True to their instincts, the sloths immediately (but slowly) made their way to the treetops in the aquarium’s aviary. Sloths don’t like to be close to the ground. Nothing good can happen down there, not when the curled-up shape of their clawed “hands” forces them to crawl along the surface like soldiers going under barbed wire with bullets whistling by inches overhead, Vogel said.

But up in the trees, those claws are handy for clinging to branches while hanging upside down. And moving as slowly as they do, sloths rarely rustle the leaves around them. That’s good for avoiding the clutches of the sloth’s primary predator, the harpy eagle, which has the largest talons of any eagle and can carry off sloths or howler monkeys weighing up to 15 pounds.

The aquarium’s unnamed sloths — one male, one female — will not have to worry about harpy eagles.

They won’t have much to worry about, really. Keepers like Rachel Blake will come along every day to feed them fruits and vegetables. The meal Blake delivered Wednesday featured yellow squash, zucchini, cooked carrots, cooked yams and, for a special treat, endive.

Visitors should not expect to see much gregarious behavior out of the sloths. “Play? Not so much. Their play is exploring rather than roughhousing,” Vogel said. But he is keeping an eye out for signs of romance between the two.

“I’m hoping, hoping, someday. Wouldn’t that be the coolest?” he said, noting that the aquarium’s participation in species survival plans would allow any offspring to be traded to other zoological institutions to allow further breeding with more genetic diversity.

The sloths will share the aquarium’s aviary with two keel-billed toucans, three Cuban iguanas and a pair of tortoises. “It’s going to be a little crowded, just like the rainforest,” said Vogel, who expects this mixture to inspire visitors, especially young ones, to fight for species such as sloths.

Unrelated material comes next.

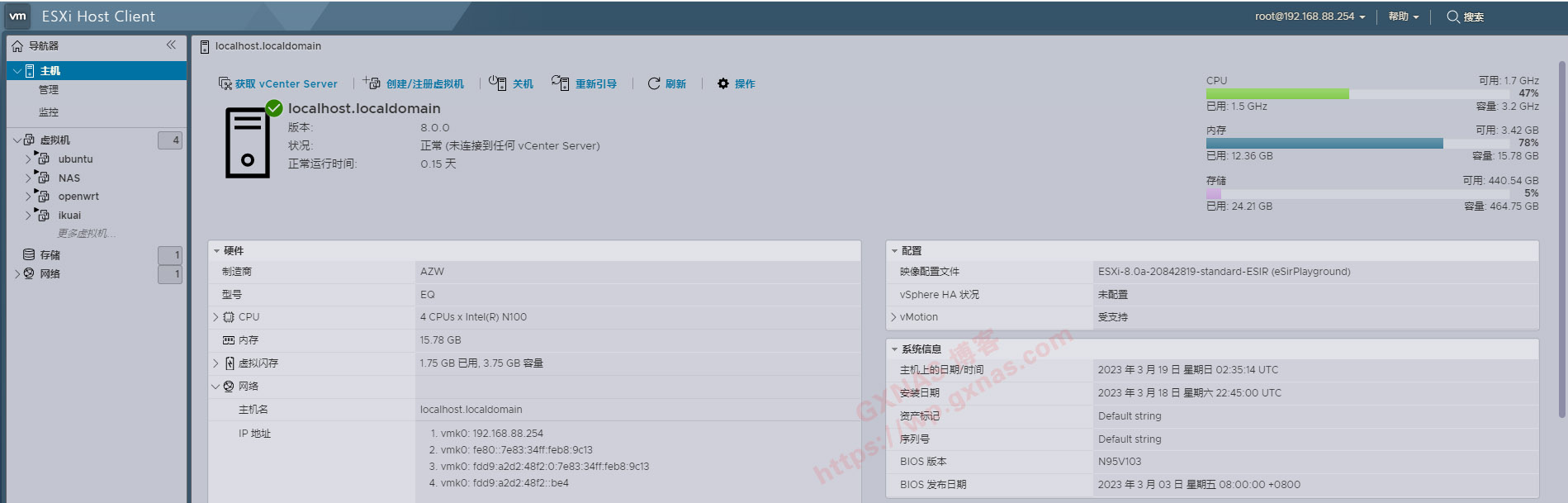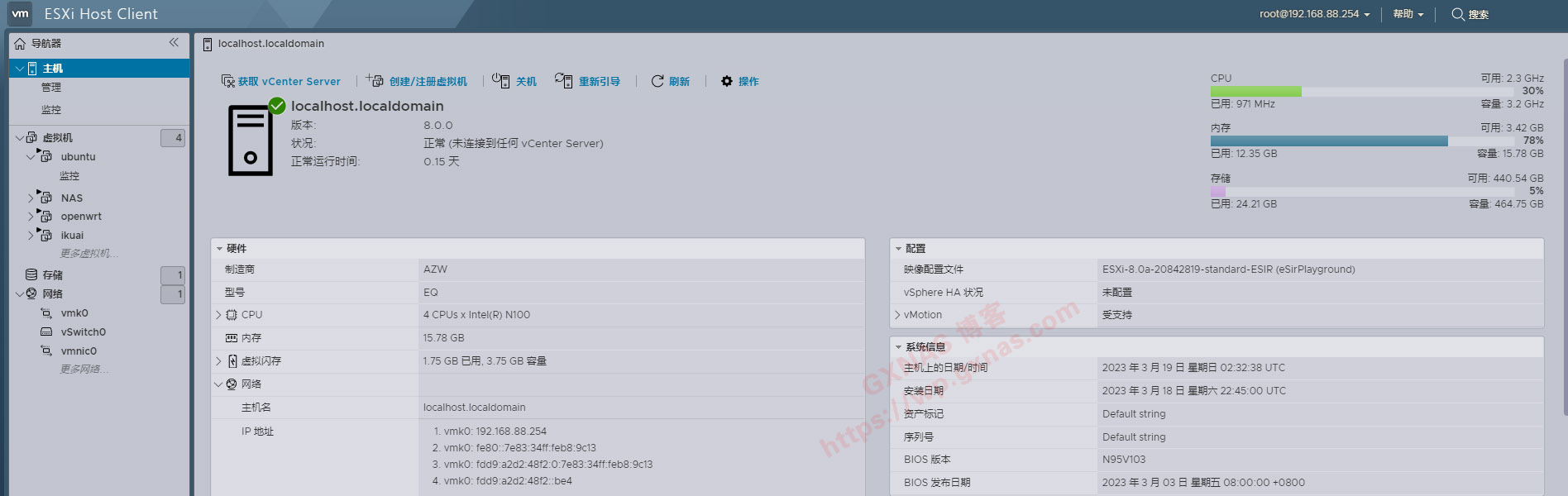 1、根据朋友的需求,给他安装了ESXI8.0用来做底层虚拟化环境,然后在ESXI里面安装爱快软路由、OpenWrt软路由、NAS、Linux系统ubuntu等多个系统同时运行,可以看到当前CPU占用率为30%;

“Any time we can put the animals in front of people, you’re increasing its chances of survival,” he said. “You only protect what you love. And who knows, maybe one of the kids who walks through here will become the next Sylvie Earle or Jacques Cousteau [both renowned marine biologists]. You never know.”

The aquarium, at 12033 Lone Peak Parkway (about 500 West), is open daily from 10 a.m. to 6 p.m. Tickets cost $20 for adults, $17 for seniors, military personnel, teens and students, and $15 for children. Toddlers two and younger get in free.